I assume that when you run drawn2012 it returns some kind of data structure that gives you the drawing for 2012?
My son had something like this. He had his program send each person email, telling them who they drew. If you wanted to do this, you could focus on how to send email instead of on how to make a GUI.
I'm not sure what your motivation is here. Is your main aim to learn a little Smalltalk? To make a useful tool for yourself? To make a useful tool for someone else? These are all worthy goals. My advice would depend on your goal. And of course, goals change. You might have started out just wanting to learn Smalltalk but now you just want to make a tool that someone else can use so you don't have to be in charge any more.
On Sat, May 2, 2015 at 8:07 AM, Dan Norton dnorton@mindspring.com wrote:
Dumb questions can have uses after all. Thank you Hannes and Ralph for your thoughtful responses. You must have been digging into the archives - my original post was nearly a year ago.
Perhaps it is time to say what I chose to do. Design of Secret Santa was driven by:
- A desire for simplicity
- Relatively infrequent use (annual)
Input is a text file listing the names of participants. A pair of names on the same line denotes a couple. Output consists of the result of drawing names, compiled as a class method. Method names are serialized: drawn2012, drawn2013, ...
The Transcript shows the latest drawing, as a Dictionary, which is compiled. Below that in the Transcript are the statistics (iterations, rule violations). The image must be saved.

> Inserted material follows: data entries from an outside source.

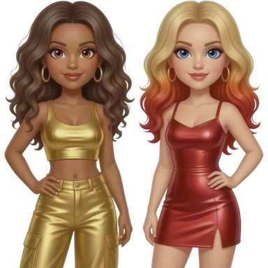 Spice Girls with Mel B with long brown curly hair, brown eyes, gold metallic crop top and baggy pants, Geri with blue eyes, blonde and red hair, red metallic short dress emoji
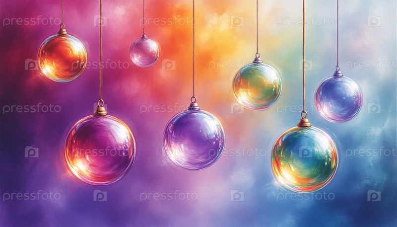Минималистские стеклянные орнаменты на пастельно-фиолетовом фоне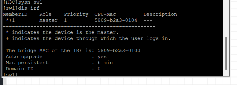 分析:根据需求,交换机 IRF 设备 ID 与设备编号一致,所以需要修改 SW2,SW3,SW4 的 IRF 设备 ID,并保存配置后,重启生效后才可进行后续配置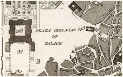 Entorno de la Plaza de Oriente en el plano de Juan López. 1812.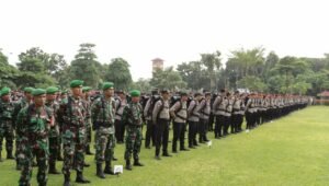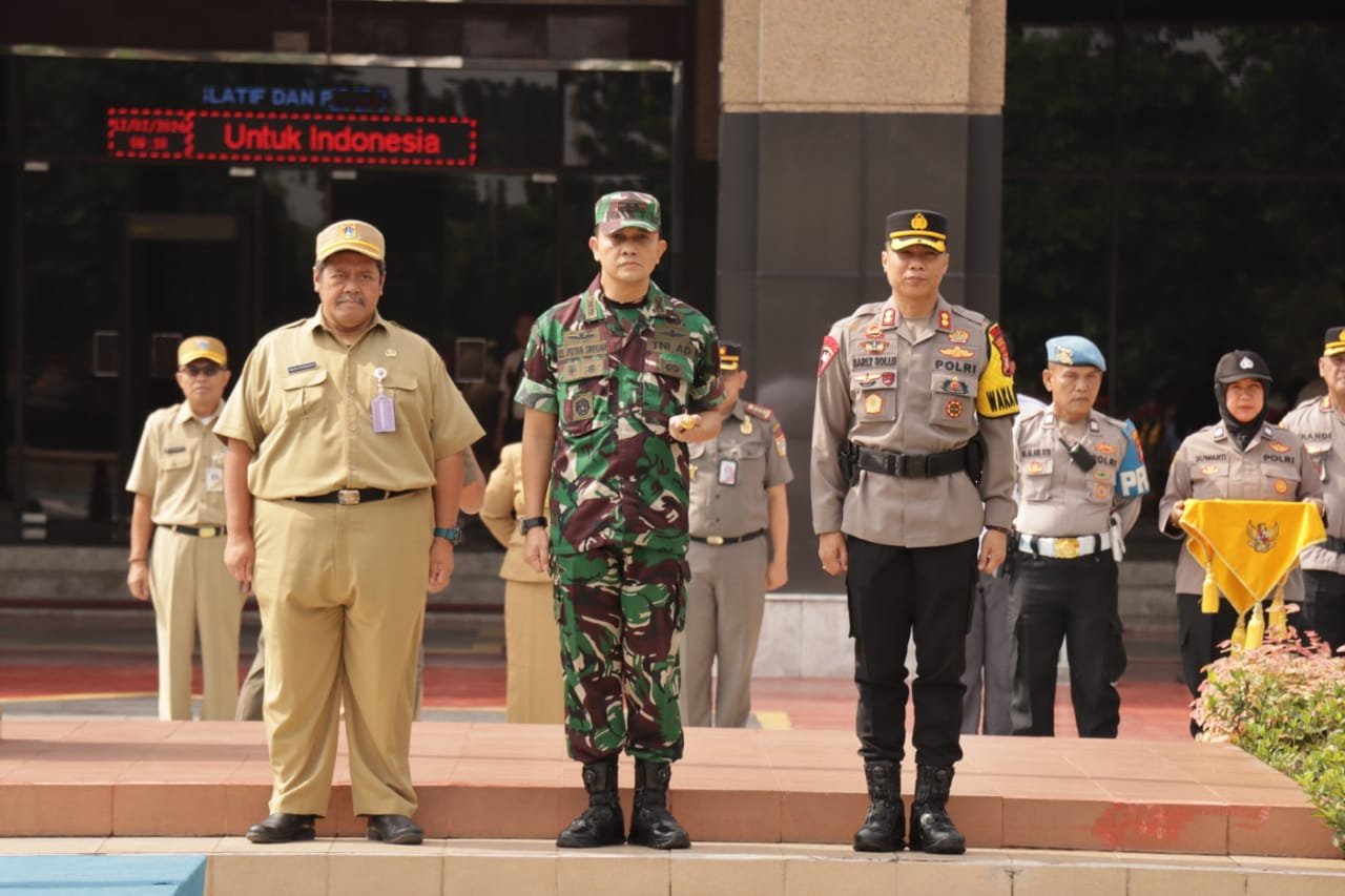 Jakarta Barat, Polres Metro Jakarta Barat bersama 3 Pilar melaksanakan apel pergeseran pasukan di halaman walikota Jakarta Barat, Senin, 12/2/2024.

I would appreciate any thoughts on application delivery. The above is a very crude, if not non-existent, way to deliver an app. Use of external files for output would improve things a little. Isn't it possible to do better than this for a Smalltalk app? What if the user is not a fan of computers?
- Dan
Beginners mailing list Beginners@lists.squeakfoundation.org http://lists.squeakfoundation.org/mailman/listinfo/beginners
Writing and reading files can be done easily. For Cuis, I summarized the protocol in World > Help... > Terse Guide to Cuis > File Streams. If a file is used for the output, then it will have to be parsed in some way in the future. By compiling it into a class method which answers a Dictionary accessed by the drawing methods, no further parsing is needed.

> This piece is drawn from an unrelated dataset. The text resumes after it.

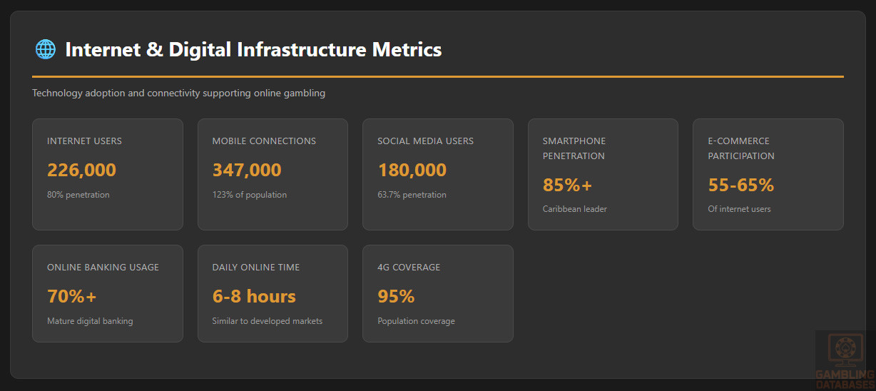 Market Concentration: The absence of local regulation means market share data is unavailable. However, industry estimates suggest 45,000-60,000 Barbadians actively use offshore gambling platforms, representing 16-21% of the population. This participation rate aligns with Caribbean regional averages for mature markets.
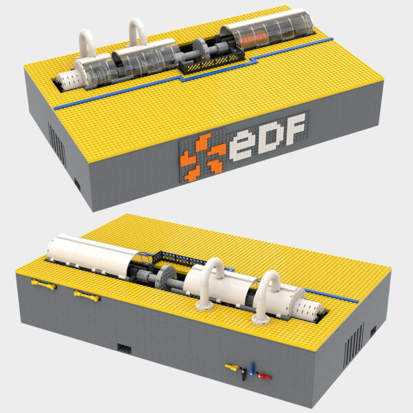 The second massive commissioned project was for EDF, the biggest French electricity producer, so that was quite an achievement to work for them ! The model is a 64cm wide replica of a turbo generator concept. The machine is motorized by multiple motors with different gearboxes and differentials, and is instrumented using divers sensors, while the rotor drives different motors in generator mode. It is used in fundamental research to develop a Digital Twin, by simulating and studying the machine in different functioning scenario (mechanically, electrically, vibrating) which are controlled mechanically by the colored levers.

A GUI might be appropriate for a user who does not like computers, but a definite requirement IMO is to not have the IDE obvious.
I'd like to use this discussion to provoke comment on app delivery in Squeak and Cuis. If you google 'Future of Smalltalk' you'll find a concise statement of the problem: "One of the big problems ... which prevents the take-up of any "workspace" based language (Smalltalk, APL, Forth etc.) is that it's really hard to work out what it is that is delivered to the customer." - Frank Carver http://www.efsol.com/FrankCarver.html.
On 2 May 2015 at 9:26, Ralph Johnson wrote:
Writing to a file is very similar to writing to the transcript. You need to open a writestream on the file, then you write to it.
If I were writing the data out, I'd probably try to write it out as a CSV (comma separated values) so that I could read it into a spreadsheet.
If you want to make it easy for people who don't like computers, perhaps you should make a GUI for it. The GUI might list all the drawings in the top pane. When you select a drawing, you get to see its contents in the bottom pane.
I assume that when you run drawn2012 it returns some kind of data structure that gives you the drawing for 2012?
My son had something like this. He had his program send each person email, telling them who they drew. If you wanted to do this, you could focus on how to send email instead of on how to make a GUI.
I'm not sure what your motivation is here. Is your main aim to learn a little Smalltalk? To make a useful tool for yourself? To make a useful tool for someone else? These are all worthy goals. My advice would depend on your goal. And of course, goals change. You might have started out just wanting to learn Smalltalk but now you just want to make a tool that someone else can use so you don't have to be in charge any more.
On Sat, May 2, 2015 at 8:07 AM, Dan Norton dnorton@mindspring.com wrote: Dumb questions can have uses after all. Thank you Hannes and Ralph for your thoughtful responses. You must have been digging into the archives - my original post was nearly a year ago.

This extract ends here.